## Task data
------------------------------------------------------------

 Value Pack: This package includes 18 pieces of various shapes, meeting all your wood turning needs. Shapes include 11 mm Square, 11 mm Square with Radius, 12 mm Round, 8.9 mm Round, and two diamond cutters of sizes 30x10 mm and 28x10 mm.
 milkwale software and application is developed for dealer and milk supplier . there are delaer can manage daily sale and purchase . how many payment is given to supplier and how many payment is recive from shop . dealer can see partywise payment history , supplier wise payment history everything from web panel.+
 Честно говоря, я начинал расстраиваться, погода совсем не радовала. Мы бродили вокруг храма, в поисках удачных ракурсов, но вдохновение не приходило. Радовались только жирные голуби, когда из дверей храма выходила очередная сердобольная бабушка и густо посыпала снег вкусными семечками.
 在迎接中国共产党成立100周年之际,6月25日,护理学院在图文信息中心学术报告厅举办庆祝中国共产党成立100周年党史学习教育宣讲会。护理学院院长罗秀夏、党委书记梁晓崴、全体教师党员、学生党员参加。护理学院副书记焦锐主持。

------------------------------------------------------------

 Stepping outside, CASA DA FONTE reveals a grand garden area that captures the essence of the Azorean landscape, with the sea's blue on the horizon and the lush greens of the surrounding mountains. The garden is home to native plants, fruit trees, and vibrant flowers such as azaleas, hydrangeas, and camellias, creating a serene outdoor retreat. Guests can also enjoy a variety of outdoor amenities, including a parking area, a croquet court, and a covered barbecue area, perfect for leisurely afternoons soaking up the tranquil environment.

------------------------------------------------------------

## Prompt
Of the entries above, repeat exactly the lines from the line with "Value Pack: This" through the line with "Честно говоря, я", both of them included.

## Reply to the exercise
 Value Pack: This package includes 18 pieces of various shapes, meeting all your wood turning needs. Shapes include 11 mm Square, 11 mm Square with Radius, 12 mm Round, 8.9 mm Round, and two diamond cutters of sizes 30x10 mm and 28x10 mm.
 milkwale software and application is developed for dealer and milk supplier . there are delaer can manage daily sale and purchase . how many payment is given to supplier and how many payment is recive from shop . dealer can see partywise payment history , supplier wise payment history everything from web panel.+
 Честно говоря, я начинал расстраиваться, погода совсем не радовала. Мы бродили вокруг храма, в поисках удачных ракурсов, но вдохновение не приходило. Радовались только жирные голуби, когда из дверей храма выходила очередная сердобольная бабушка и густо посыпала снег вкусными семечками.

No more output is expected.